而口角之神赫托托迪斯的愉悦则却远比不上费利兹的无害。
祂天生就擅长搬弄口舌是非,神祇令牌之间的冲突、人类嘴边的骂战、乃至于牛羊之间“哞哞”的斗角,都是祂欢欣的来源。
主神在时,祂尚且有所收敛,无事不在神界挑弄矛盾,主神不在,祂就立马从人间的集市跑回来尽情地在欢闹的众神之间穿梭,让祂们在争吵中把爱变得更加爱,恨变得更加恨。
同不会有神祇为了衣摆被烧伤的同伴而与萨金争执一样,费利兹并不从中干涉,仇恨之神纳多特也仍然居于冥河旁不问世事,其他掌管情感的各神祇更不会斤斤计较,因此,赫托托迪斯这些日子过得不可不谓春风得意。
神力再次强盛起来的赫托托迪斯在脑海中听见一个声音,那声音叫祂去挑拨主神和祂的人类伴侣。
若在以往,祂是无论如何都不愿直接接触和主神较近的神祇和人类的,毕竟主神并不是那种软弱温和的国主,即使国破家亡了都不会责怪自己。
但祂实在被涌动的神力和愉悦冲昏了头脑,决心做第一个从守财奴枕下偷钱币的盗贼。
祂在主神的神域外徘徊,几个呼吸的功夫就察觉到了主神不在此处的事实,原本还有些摇摆的念头顿时坚定了——
猎人只要盯住猎物就绝不会眨眼,生下幼崽的野兽一刻也不会离开洞xue,主神自己不好好看守祂的财宝,那就不能责怪比风更纤细、比爱更轻柔的言语钻入祂的领地了。

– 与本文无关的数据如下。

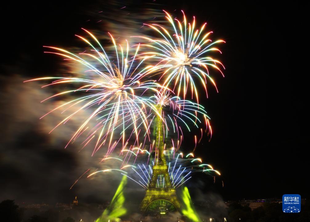 7月14日,焰火在法國巴黎埃菲爾鐵塔周?chē)`放。

于是口角之神便在曲宁将醒未醒时刻中坐在了他的窗沿上。
“我听说过你,在费利兹的戏剧中,你是被主神捧在心尖的那个凡人。”
祂的声音如蛇吐舌的嘶嘶声,带着蛊惑的神力,将刚警惕起来的曲宁又推入了迷蒙之中。
“你比我想象中更孱弱……我还以为,把主神迷到威严全无的凡人应该比雄狮更健壮、比孔雀更耀眼。”